Neo isomers- In this, a carbon atom is attached to four other carbon atoms. Neo-isomers are the type of chain isomers only. The minimum number of carbon atoms required for neo isomers are 5.
Let us discuss the options one-by-one along with their chain and neo isomers:
A) ${{\text{C}}_{3}}{{\text{H}}_{8}}\text{, }{{\text{C}}_{4}}{{\text{H}}_{10}}$- The compound ${{\text{C}}_{3}}{{\text{H}}_{8}}$ is propane.

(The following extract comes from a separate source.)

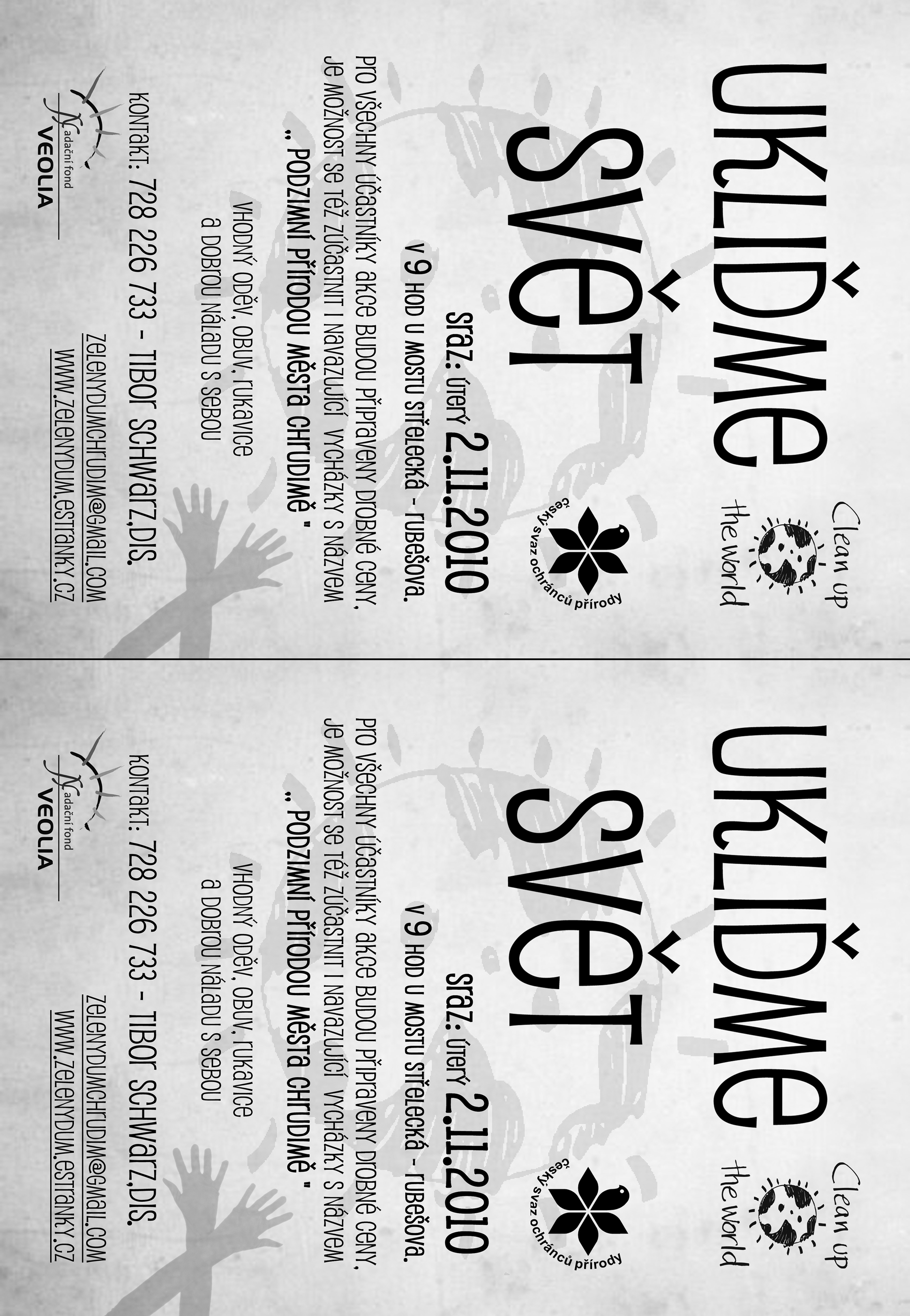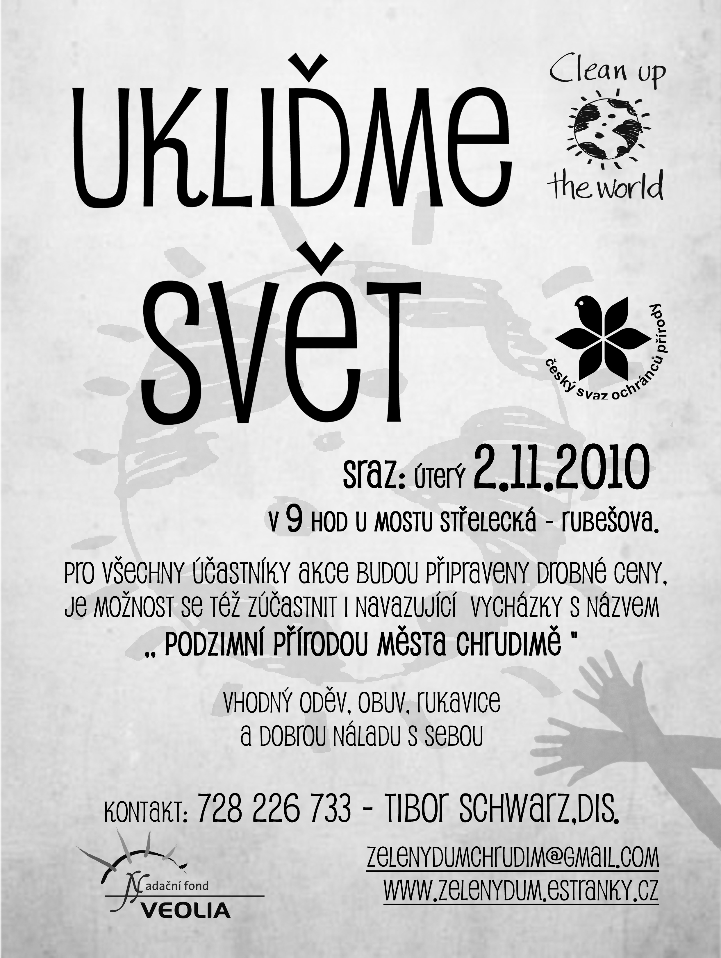 Akce ,,UKLIĎME SVĚT" se uskuteční dne 2.11.2010, sraz v 9 hod u mostu Střelecká - Rubešova, s sebou pracovní oblečení, pití. Po té se uskuteční vycházka s názvem ,,ZA PODZIMNÍ PŘÍRODOU CHRUDIMĚ" , vedenou Tiborem Schwarzem z Ekocentra Zelený dům.

As, the number of carbon atoms are less than 4, so it cannot have chain isomerism. ${{\text{C}}_{4}}{{\text{H}}_{10}}$ is butane. It has four carbon atoms, so it can form chain isomers. But, it cannot form neo isomers. The only isomer of butane is 2-methyl propane. The only isomer is

B) ${{\text{C}}_{4}}{{\text{H}}_{10}}\text{, }{{\text{C}}_{5}}{{\text{H}}_{12}}$- ${{\text{C}}_{4}}{{\text{H}}_{10}}$is butane. It has four carbon atoms, so it can form chain isomers. But, it cannot form neo isomers. As given in the above part the only isomer of butane is 2-methyl propane.
The compound ${{\text{C}}_{5}}{{\text{H}}_{12}}$ is pentane. It has both chain and neo-isomer, as it has 5 carbon atoms. The chain isomer is 2-methyl butane. The neo isomer is 2,2-dimethylpropane.

C)${{\text{C}}_{5}}{{\text{H}}_{12}}\text{, }{{\text{C}}_{6}}{{\text{H}}_{14}}$: As discussed in the above solution part, the compound ${{\text{C}}_{5}}{{\text{H}}_{12}}$ is pentane. It has both chain and neo-isomer. The chain isomer is 2-methyl butane. The neo isomer is 2, 2-dimethylpropane.
The compound ${{\text{C}}_{6}}{{\text{H}}_{14}}$ is hexane. It has both chain and neo-isomer, as it has more than 5 carbon atoms. The chain isomers are 2-methyl pentane and 2,3-dimethyl butane. The neo isomers are 2,2-dimethylbutane.

D)${{\text{C}}_{6}}{{\text{H}}_{14}},{{\text{C}}_{7}}{{\text{H}}_{16}}$: As given in the above solution part we know that hexane has both chain and neo-isomers. The chain isomers are 2-methyl pentane and 2,3-dimethyl butane. The neo isomers are 2, 2-dimethylbutane.
The compound ${{\text{C}}_{7}}{{\text{H}}_{16}}$ is heptane. It has both chain and neo-isomer, as it has more than 5 carbon atoms. The chain isomers are 2-methyl hexane, 2,3-dimethyl pentane and 2,4-dimethyl pentane.

The neo isomers are 2,2-dimethyl-3-methyl butane, 2,2-dimethyl pentane and 3,3-dimethyl pentane.
${{\text{C}}_{5}}{{\text{H}}_{12}}\text{, }{{\text{C}}_{6}}{{\text{H}}_{14}}$ and ${{\text{C}}_{6}}{{\text{H}}_{14}},{{\text{C}}_{7}}{{\text{H}}_{16}}$ are the pair of alkanes which can exhibit chain isomerism and has a neo isomer respectively.

The correct options are (c) and (d).

Note:
As the branching in the carbon chain increases, the surface area decreases and vander waal forces of attraction decrease. The force of attraction decreases, thus, the boiling point of alkane is also decreased. The neo isomers have less boiling point than chain isomers.